Monday, June 30, 2008

Suadis Ready Plans to Boost Oil Output

via MSNBC, the world's leading oil exporter is working feverishly to ramp up production in its few remaining large untapped oil fields. Saudi Arabia is referring these production increases as the largest expansion of production in history, and if they bear out as expected, they could go a long way toward giving the globe additional breathing space to develop alternatives to the sticky black gold. Unlike most of their existing fields located in the northeastern corner of the nation, these fields are located west of the Suadi capital, Riyadh.

"Saudi Arabia's state-owned oil company, Aramco, is spending $10 billion to build the infrastructure to pump 1.2 million barrels of oil per day by next June from the Khurais field and its two smaller neighbors. That alone would be more than the total individual production of OPEC members Qatar, Indonesia and Ecuador.

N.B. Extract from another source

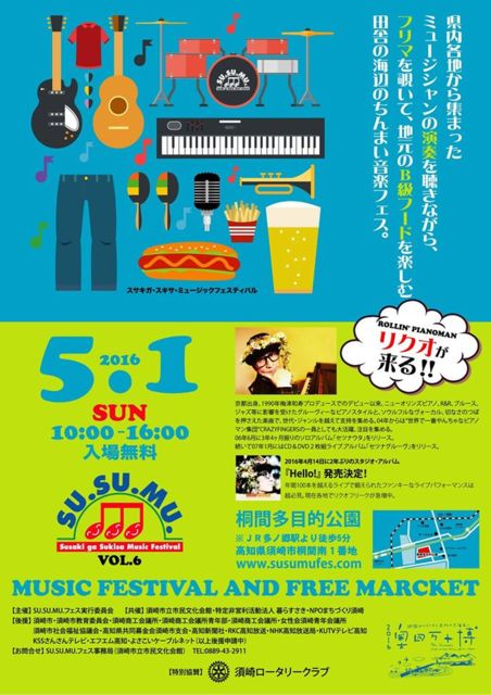 両足で自作のフットパーカッションを踏みながらのヘンテコなギター弾きの 管理人Jinでございます。 このコミュご参加の中に四国在住の方がどれくらいおられるかはわかりませんが紹介させて頂きます。 Susaki ga Sukisa Music Festival 2016 がGWに行われます。 二つのステージで計18組のミュージシャンに加えて プロゲストとしてリクオさんのライブもあります。 そしてB級グルメにフリーマーケットとお楽しみも満載のイベントです。 詳しくは以下URLに http://www.susumufes.com/html/time%20table2016.htm 私もお昼前後にちょ

The project forms the centerpiece of the Saudi plan to increase the total amount of oil it can produce to 12.5 million barrels per day by the end of 2009 — up from a little more than 11 million barrels per day now."

While there are technical hurdles to producing in this area, including the searing 100 degree heat and the need to pump in as much as 2 million gallons of seawater into the rock formaitons to maintain well pressure into the 5,000 foot deep oil strata, the Saudis believe they will be able to pump as much as 1.2 million barrels a day by next June. In addition, they expect production of up to 500,000 barrels a day from another new field located at Khursaniyah in August of this year, although this field had been expceted to go online at the end of 2007 but ran into equipment and labor shortages. They are also developing their last large oil formation in the Persian Gulf at Manifa.

Now if the morons we've elected to Congress would allow more drilling here at home, maybe we wouldn't be paying $4 a gallon for freaking the stuff the runs (for better or worse) our entire transportation industry. Still, some encouraging news on the subject is better than continued doom and gloom.